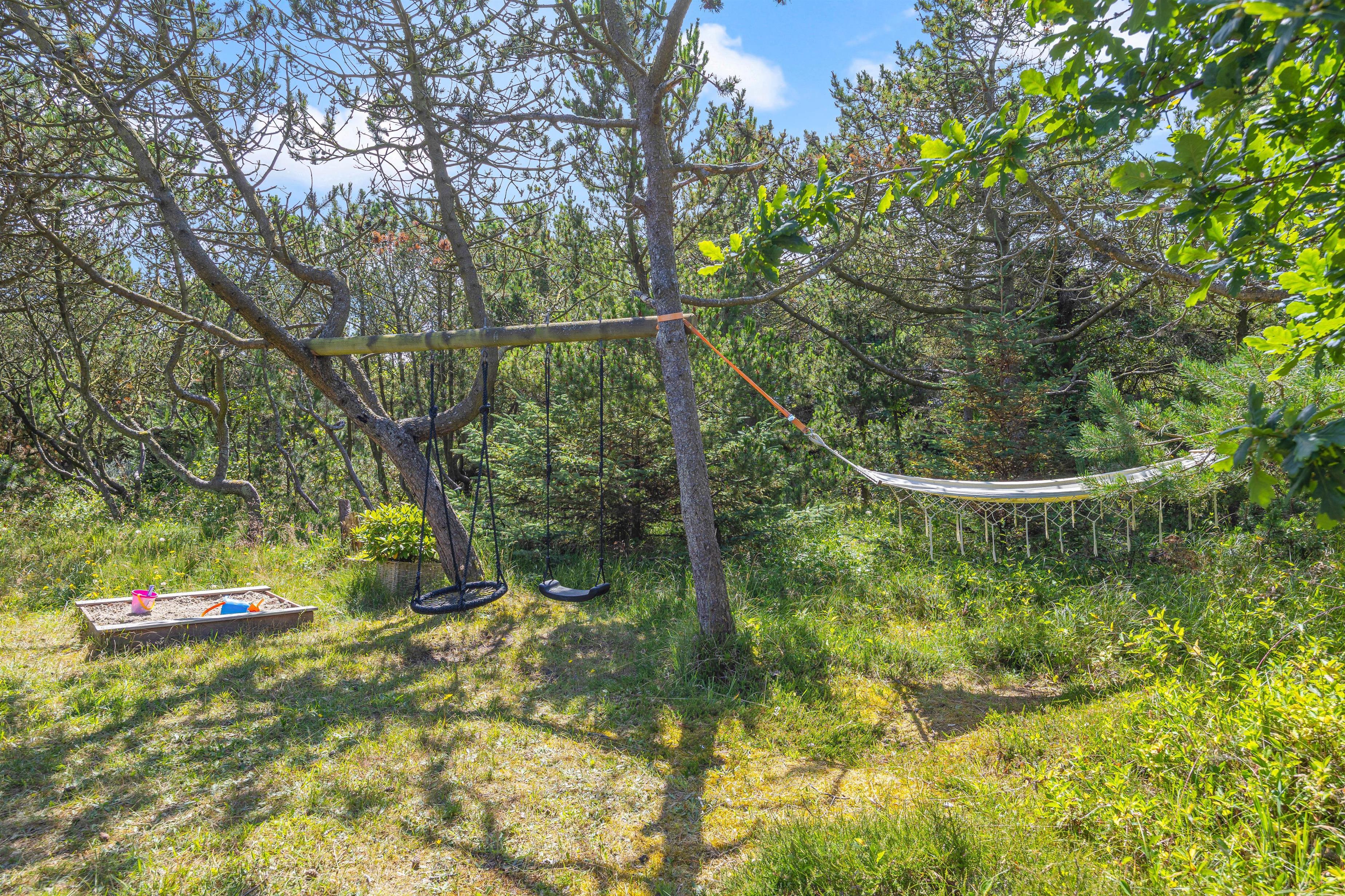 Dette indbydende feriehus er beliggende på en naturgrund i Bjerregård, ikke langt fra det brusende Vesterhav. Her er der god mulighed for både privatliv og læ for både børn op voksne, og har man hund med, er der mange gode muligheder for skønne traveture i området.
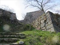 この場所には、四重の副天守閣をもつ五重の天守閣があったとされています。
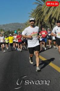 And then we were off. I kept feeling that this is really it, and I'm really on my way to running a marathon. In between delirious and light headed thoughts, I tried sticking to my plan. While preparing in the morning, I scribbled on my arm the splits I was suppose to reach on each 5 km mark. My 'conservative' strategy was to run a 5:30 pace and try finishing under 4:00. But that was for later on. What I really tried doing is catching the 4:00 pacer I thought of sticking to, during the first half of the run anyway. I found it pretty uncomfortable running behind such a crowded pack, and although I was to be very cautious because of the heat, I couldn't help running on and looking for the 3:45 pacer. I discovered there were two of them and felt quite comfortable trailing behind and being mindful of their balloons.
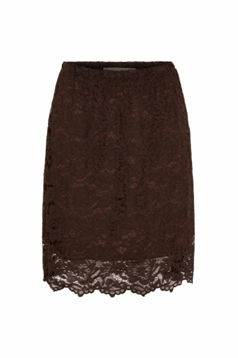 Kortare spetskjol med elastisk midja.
####
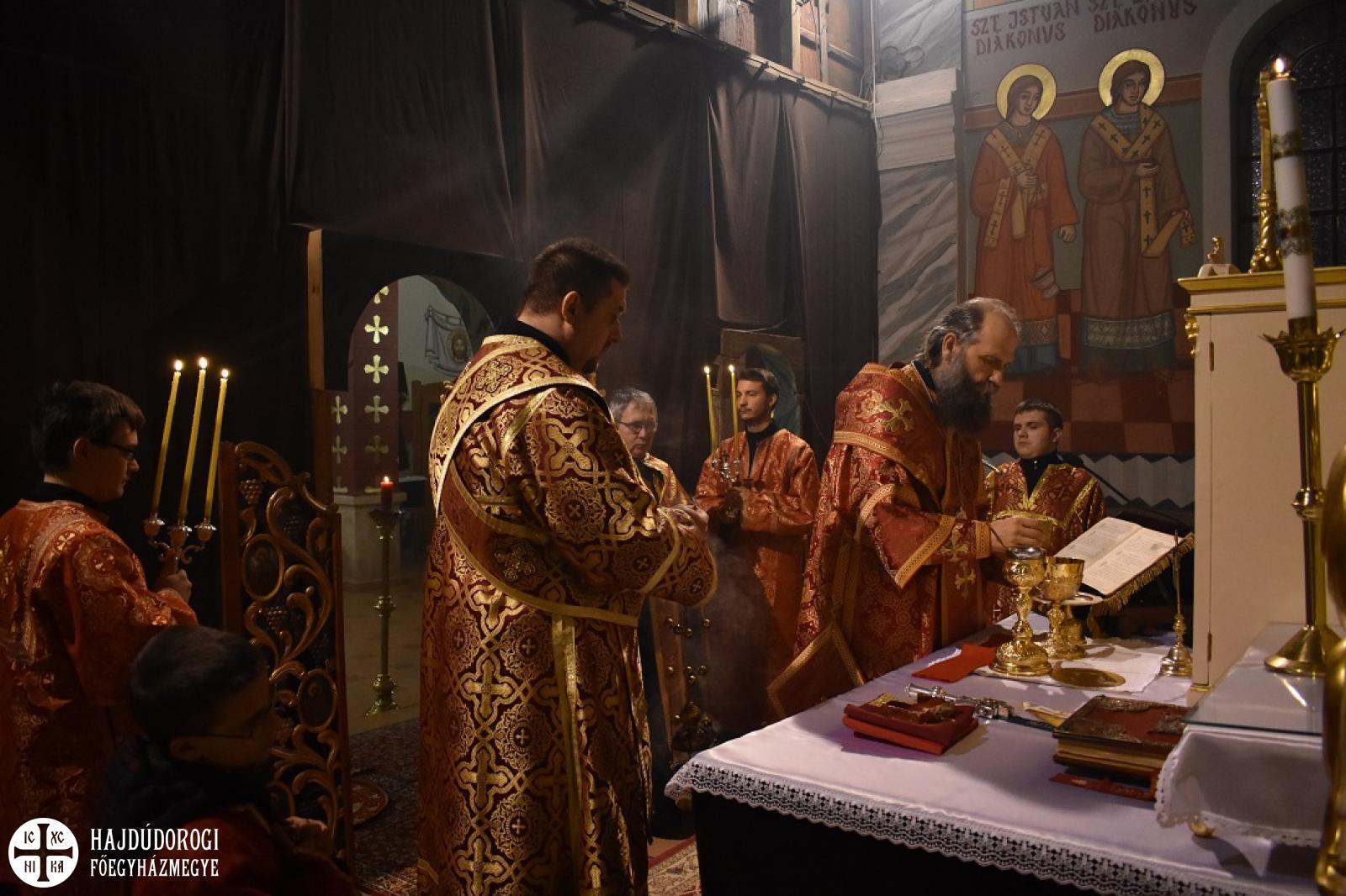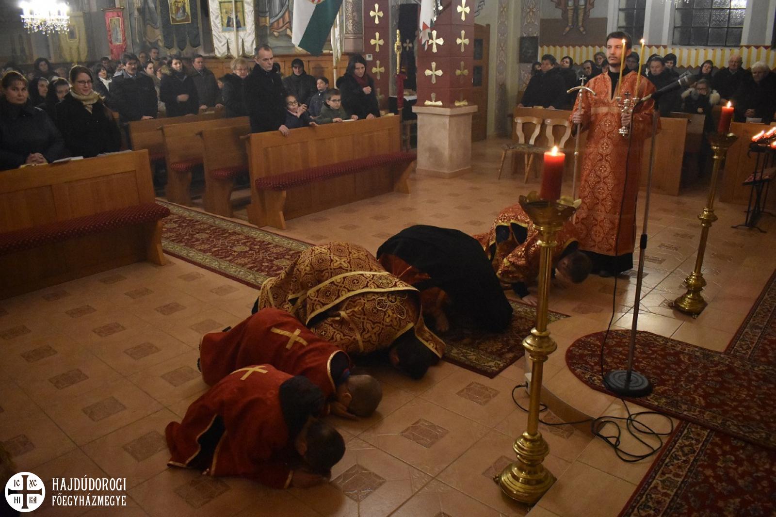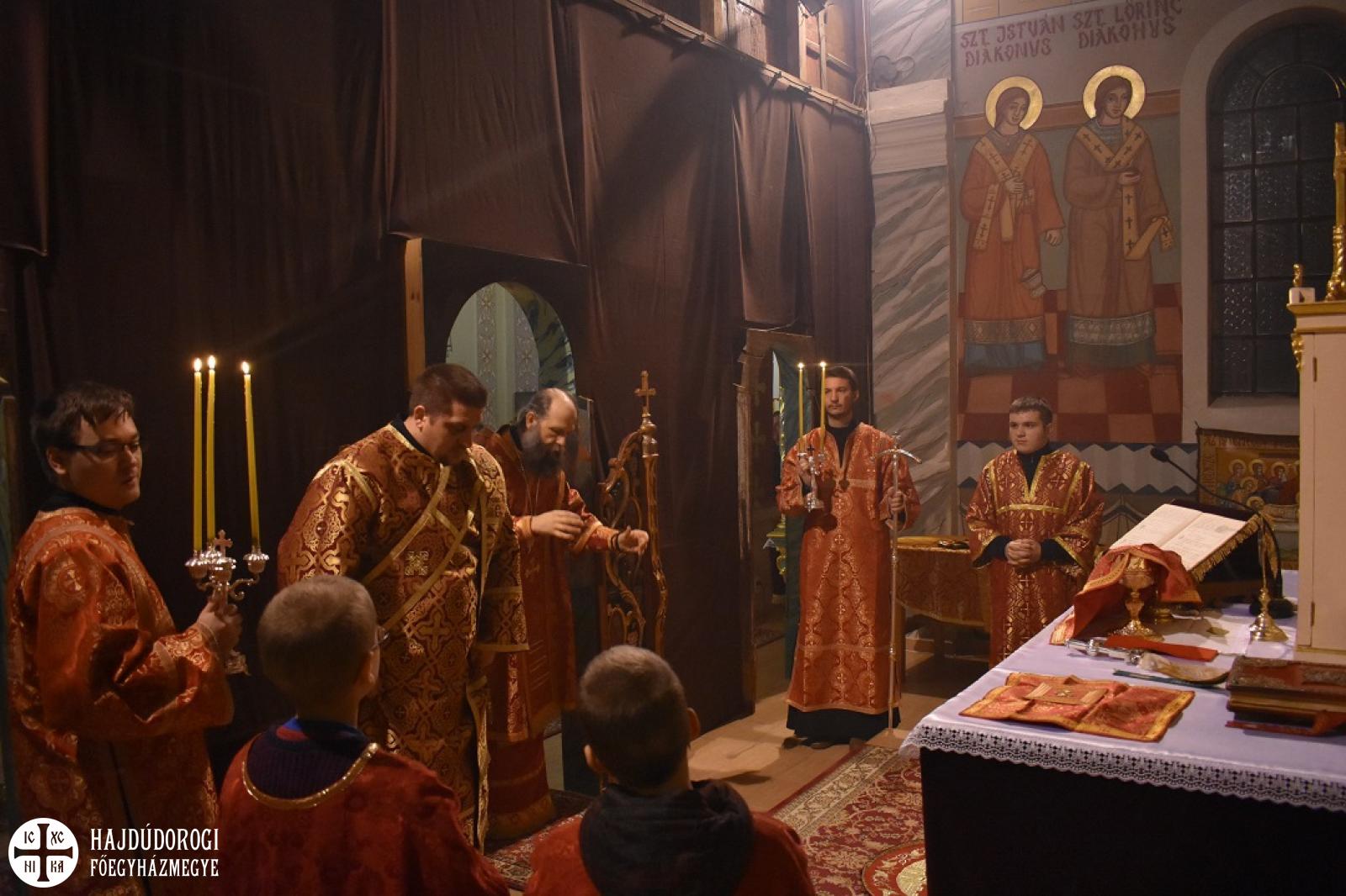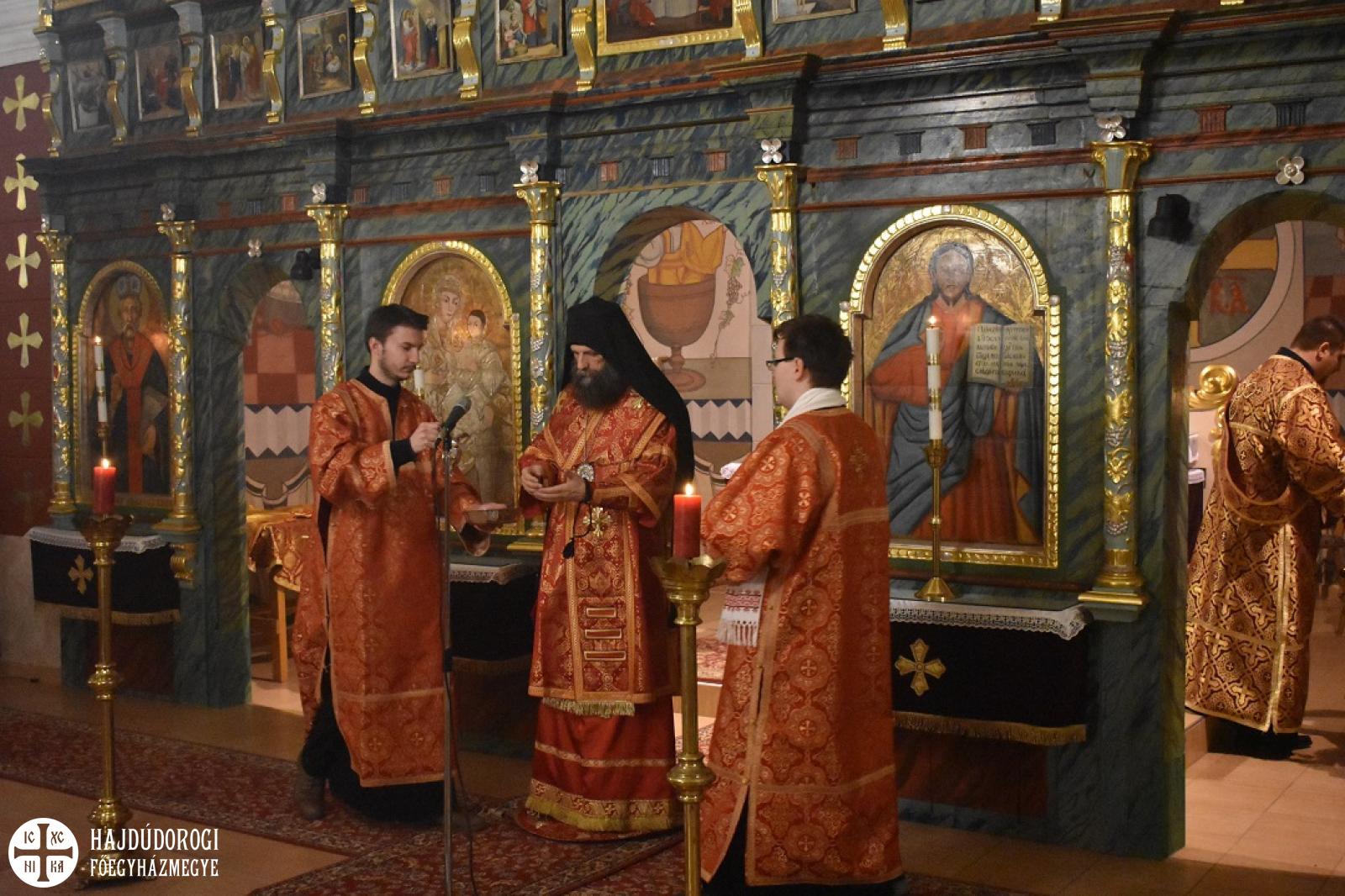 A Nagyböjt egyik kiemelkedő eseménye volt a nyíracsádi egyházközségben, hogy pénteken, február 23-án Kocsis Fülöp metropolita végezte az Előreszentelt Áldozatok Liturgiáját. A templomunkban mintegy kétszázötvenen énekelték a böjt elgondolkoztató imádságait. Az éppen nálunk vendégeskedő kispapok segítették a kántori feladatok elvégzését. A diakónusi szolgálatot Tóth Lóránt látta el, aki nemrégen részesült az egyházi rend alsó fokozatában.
####
▶ **WORK REQUEST**: Those lines of the records above that run from the one containing "Dette indbydende feriehus" through the one containing "Kortare spetskjol med elastisk midja." should be returned exactly, with no pictures among them.

▶ **EXERCISE OUTPUT**:
 Dette indbydende feriehus er beliggende på en naturgrund i Bjerregård, ikke langt fra det brusende Vesterhav. Her er der god mulighed for både privatliv og læ for både børn op voksne, og har man hund med, er der mange gode muligheder for skønne traveture i området.
 この場所には、四重の副天守閣をもつ五重の天守閣があったとされています。
 And then we were off. I kept feeling that this is really it, and I'm really on my way to running a marathon. In between delirious and light headed thoughts, I tried sticking to my plan. While preparing in the morning, I scribbled on my arm the splits I was suppose to reach on each 5 km mark. My 'conservative' strategy was to run a 5:30 pace and try finishing under 4:00. But that was for later on. What I really tried doing is catching the 4:00 pacer I thought of sticking to, during the first half of the run anyway. I found it pretty uncomfortable running behind such a crowded pack, and although I was to be very cautious because of the heat, I couldn't help running on and looking for the 3:45 pacer. I discovered there were two of them and felt quite comfortable trailing behind and being mindful of their balloons.
 Kortare spetskjol med elastisk midja.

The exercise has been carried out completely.